Where measured (h, θ) data exist, it is worth comparing PTF estimates to fitted parameters.
set.seed(3109)
# Simulate lab-measured retention for the loam terrace (site 3)
loam_true <- ptf_params |> filter(site == "Loam terrace")
lab_heads <- c(0, 10, 33, 100, 330, 1000, 5000, 15000)
lab_obs <- tibble(
h = lab_heads,
theta = with(loam_true,
theta_r + (theta_s - theta_r) /
(1 + (alpha * lab_heads)^n)^(1 - 1/n)
) + rnorm(length(lab_heads), 0, 0.008)
)
# Fit VG to the simulated lab data
fitted <- fit_swrc(lab_obs, theta_col = theta, h_col = h)
#> Warning in stats::nls(formula = vg_formula, data = fit_df, start =
#> as.list(start_all), : Convergence failure: singular convergence (7)
comparison <- bind_rows(
mutate(loam_true |> select(theta_r, theta_s, alpha, n), source = "PTF"),
mutate(fitted |> select(theta_r, theta_s, alpha, n), source = "Fitted")
) |>
filter(!is.na(theta_r), theta_s > theta_r, n > 1)
comparison
#> # A tibble: 2 × 5
#> theta_r theta_s alpha n source
#> <dbl> <dbl> <dbl> <dbl> <chr>
#> 1 0 0.432 0.171 1.00 PTF
#> 2 0.431 0.440 0.00309 17.5 Fitted
curves_comparison <- comparison |>
tidyr::crossing(h = heads) |>
mutate(m = 1 - 1 / n) |>
swrc_van_genuchten(theta_r = theta_r, theta_s = theta_s,
alpha = alpha, n = n, h = h)
ggplot() +
geom_line(data = curves_comparison,
aes(x = h, y = .theta, colour = source, linetype = source),
linewidth = 0.9) +
geom_point(data = lab_obs, aes(x = h, y = theta), size = 2.5) +
scale_x_log10(labels = scales::label_comma()) +
labs(
x = "Matric potential |h| (cm)",
y = expression(theta~(m^3/m^3)),
colour = "Source", linetype = "Source",
title = "Loam terrace: PTF estimate vs NLS fit to lab data",
caption = "Points = simulated lab observations"
)
#> Warning in scale_x_log10(labels = scales::label_comma()): log-10
#> transformation introduced infinite values.
6. Real-world PTF data sources
| Source | Parameters | Coverage | Notes |
|---|---|---|---|
| Wösten et al. (1999) | θ_s, α, n, K_sat | European soils | Used in this vignette |
| Rawls & Brakensiek (1985) | θ_r, θ_s, α, n | US soils | Class-mean or continuous |
| Schaap et al. (2001) — Rosetta | θ_r, θ_s, α, n, K_sat | Global | Neural network; rosettaAPI R package |
| SoilGrids + Cosby (1984) | B-C parameters | Global 250m | Via soilDB R package |
For most applications, Rosetta 3 (Schaap 2001,
updated Zhang & Schaap 2017) provides the best accuracy for global
use.
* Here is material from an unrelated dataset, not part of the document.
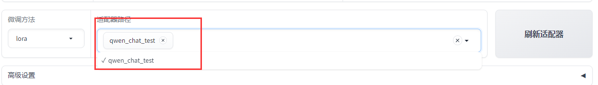 当训练完成后,点击刷新适配器,在适配器路径选择刚刚训练好的模型。

The rosettaAPI package provides access to the web
API.
Summary
The PTF workflow integrates seamlessly with
tidysoilwater:
soil_data |>
mutate(wosten_ptf(sand, silt, clay, om, bd)) |> # add PTF columns
crossing(h = heads) |>
mutate(m = 1 - 1 / n) |>
swrc_van_genuchten(theta_r, theta_s, alpha, n, h) # evaluate curvePTF-derived parameters are best treated as priors — useful for rapid assessment but best validated against local laboratory data when available.